By now I knew that one, so I told him.

“Who is the president?”

“Bush,” I said.

“Well, that's close. Barack Obama just won the election.”

I didn't really understand what that meant or what a president was, but I mentally chalked up the correct answer. At least now I knew what to say next time.

“What is your birth date?”

“February 23, 1960,” I said, repeating the same answer I'd been giving.

Out of the corner of my eye, I saw Joan mouthing to the nurse, “That's my birthday.” Catching that, I internally noted that I was still wrong and that I needed to figure out the right answer, my own birthday. But at that point I didn't realize that I'd gotten her birth year wrong as well.

Walker had me do a series of tests that he and the other doctors kept repeating—pushing my hands against his, squeezing his fingers, and pushing my feet against his hands.

“For now, just focus on resting and getting rid of the pain,” he said.

Right before he left for rounds, he told us he'd Googled me and noted that I'd played in the NFL. Baffled by the terms
Google
and
NFL,
I just played along.

“You're a tough guy,” he told me. “You'll do fine.”

I understood the gist of what he was saying and wanted to believe him, but somehow I still wasn't convinced.

After he left I asked Joan about the terms he'd used. “What's the NFL?”

“The National Football League,” she said. “You played professional football.”

That still meant nothing to me, any more than Joan's explanation about Google being a search site on the Internet, because I didn't know what those words meant either. So I just filed them away to figure out later.

I got some answers that evening when I came across the NFL playoffs as I was flipping through the TV channels.

“Oh, there's football,” Joan said.

“I played that? Get out of here,” I said, skeptical that I could have done something shown on TV.

“Did I play on television?”

“Yes,” she said, which also left me amazed.

Oddly enough, I still knew certain football terms and rules such as
offside,
penalty,
and
holding;
I also understood what a touchdown was and what was happening on the field. But I had no recollection of playing, how many players were on a team, or any players' names.

The neurologist, Dr. Richard Goodell, showed up about an hour after Walker left. He checked out my eyes and threw a bunch of medical terms at us that went right over my head, but luckily Joan understood them. Although he couldn't see a hemorrhage in the retina or vitreous, he said that was likely the cause of what he called my “posttraumatic visual defect.” Less likely, he said, was that the fall had caused a trauma to my occipital lobe, the part of the brain that controls what you see. After he left Joan tried to explain what he said, but her explanation still left me mostly in the dark. Now that I was in a private room, the nurses hooked me up to a morphine pump, which helped bring the pain down to a slightly more manageable level.
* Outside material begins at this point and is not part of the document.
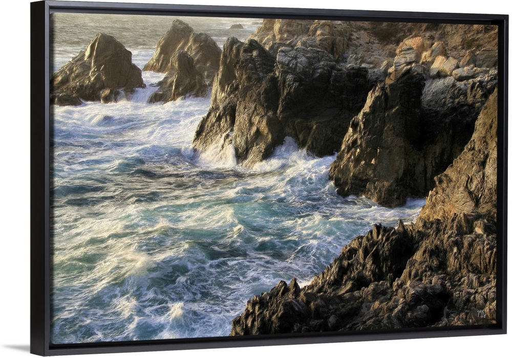 <p>Lying chest down on a rocky cliff about 40 feet above crashing waves, Michael Lynberg captured this remarkable meeting of land and sea. Light from the setting sun dances on the waves and shines from some of the rocks. The teals and blues of the water complement the browns and blacks of the chisled rock formations. The highlights and shadows combine to give the artwork remarkable texture and depth.</p>

And there, on the wall, was a chart showing the pain scale—with a happy face at zero and a progression of crankier expressions from one through nine, with a crying face at ten—which helped me keep things straight. It was frustrating to need the drug, but I felt that if I could get the pain to stay at a five or six rather than sliding back up to an eight or nine between doses, my mind would clear a bit and I'd be able to understand more of what was going on around me.

Joan had been continuing to ask me questions between doctor visits and was slowly seeing just how little I knew, which prompted her to challenge Goodell's prognosis.

“But he has these large memory gaps,” she said. “He doesn't know our business, where we live, or any details about our twenty-four years together.”

And she didn't even know the half of it. Nonetheless, Goodell didn't alter his prognosis, saying the neuro-ophthalmologist would be by shortly. All business, he was the kind of doctor who got annoyed when Joan's cell phone rang while he was talking, and he left us with the same reassurance as the other doctors: I had a bad concussion, and my memory should come back within a couple of weeks. The headaches could last as long as two years, he said, but their intensity should lessen. I didn't understand the difference between two weeks, two years, and twenty-four years, but based on Joan's comment, it sounded like we'd known each other for a long time.